Самарий Великовский - В скрещенье лучей. Очерки французской поэзии XIX–XX веков
Музыка небесных сфер и раскаты «Марсельезы» сливались тогда у Эмманюэля в грозном набате, а молитвы Всевышнему возносились о даровании победы праведным мстителям в битве за отчизну и ниспослании беспощадной кары палачам-чужеземцам. Песнь мертвых была хвалой подвигу великомучеников:
Да, эти люди,
Чтоб людьми остаться,
Умели умирать.
Перед лицом убийц
Они смотрели вдаль
И видели свой дом,
Свою жену,
Свой край,
Страну деревьев и речных потоков.
И, чтоб не закричать,
Они ногтями рвали
Небесную лазурь[98].
Хроника вдумчивого и нередко пристрастного очевидца нравственной, умственной, политической истории своего века поверена библейским мифом – будь то предания о подстегну том гордыней строительстве Вавилонской башни, о стертом с лица земли растленном Содоме, о вознесении распятого Христа или ночном единоборстве Иакова с Богом – и в последующих книгах Эмманюэля «Вавилон» (1952), «Содом» (1953), «По евангельским страницам» (1961), «Иаков» (1970), «София» (1973). В них он всякий раз был движим замыслами «возвести из слов человеческих храм Божественного Глагола». И всякий раз из древней притчи извлекался урок для текущего сегодня:
Я всей душою ненавижу снег.
Нет! Чистота его – мираж и наважденье:
Она к себе влечет, чтобы сгубить навек,
И горе тем, кто ищет в ней спасенье,
Кто впал в соблазн стать чистым словно снег.

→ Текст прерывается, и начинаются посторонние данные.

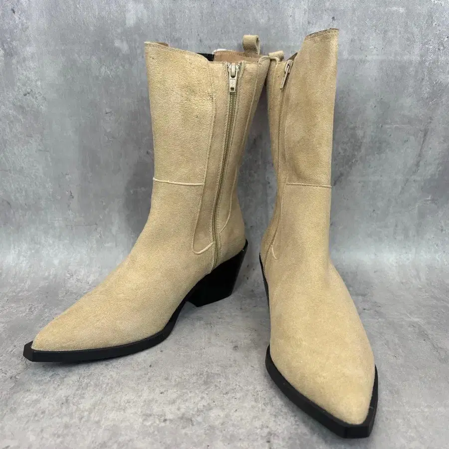 [ 미사용 새상품 ] 본트레 사이드 고어 부츠 포인티드 베이지 스웨이드

Я ненавижу целомудрие мороза.
Мне души чистые внушают отвращенье:
От вашей белизны мне хочется кричать.
Вы хищники. В глазах у вас угроза.
Пусть Бог меня спасет от вашей чистоты.
Пусть Агнец не ослепнет вдруг от снега.
Да не погибнет Он в пустыне тех, кто чист,
Он, чье руно несхоже с белым снегом.
Цвет серовато-желтый – цвет Его,
Руно пропахло потом, и прилипли
К Нему шипы и глина человечья,
Оно грехами пахнет, пахнет кровью
И горькими слезами.
Грязен Бог,
О души чистые, вы знаете об этом?
Злободневный и легендарный, рассудочный и визионерский, повествовательный и декламационный, лирический эпос Эмманюэля обычно пространен, просторен, выверенно и уверенно построен; памятуя о ремесле своих предков – каменщиков и плотников, он предпочитал словесно-стиховые кирпичи старого обжига, александрийские двенадцатисложники, и возводил из них громоздкие риторические сооружения по всем правилам – так, чтобы «у них был солидный фундамент, стены, крыша». Впрочем, в промежутках между работами над очередным крупным зданием дюжий строитель охотно брался и за тонкое гранение лаконичных вещей (книги «Голоса», 1944; «Облако лик» (Visage nuage), 1956; «Конек крыши», 1966; «Дуэль», 1979), испытывая время от времени властную потребность «эпос подправить афоризмом»:
Мудрецы говорят:
«Ветер – это ничто».
Он, конечно, для них
Не имеет значенья.
Ветер мимо летит,
Мимо мудрости их;
Если пустит он корни,
То где-то далеко.
– Но где?
– Неизвестно. Где Бог пожелает.
– А кто этот Бог?
– Вы не знаете? Ветер!
На дорогах не-надежды
Андре Френо
Мыслительной подпочвой всей лирики Андре Френо служит философствование по поводу обреченности каждого из живущих на земле рано или поздно умереть, неполноты доступного нам обладания смыслом вселенского жизнеустройства, непрочности всякого выпадающего нам счастья. Но этот трагический настрой ума Френо не делает его «песни на дорогах напрасной надежды» ни засушенно рассудочными, ни пораженчески обескураженными. Напротив, вечно возобновляемое оспаривание неблагосклонности судьбы и собственной неукорененности в сущем, всегдашнее духовное непокорство, давшее повод Элюару в годы Сопротивления на звать Френо певцом «сражающейся истины», утверждается им как самый достойный урок поведения при любых, самых трудных и безвыходных обстоятельствах. У нас всегда есть, настаивает он, «возможность преобразовать безнадежность жизни если не в надежду, то по крайней мере в не-надежду, и тогда человек способен жить с ясным умом и бесстрашием, доверившись трудной и чистосердечной любви к людям, которая находит опору исключительно в самой себе».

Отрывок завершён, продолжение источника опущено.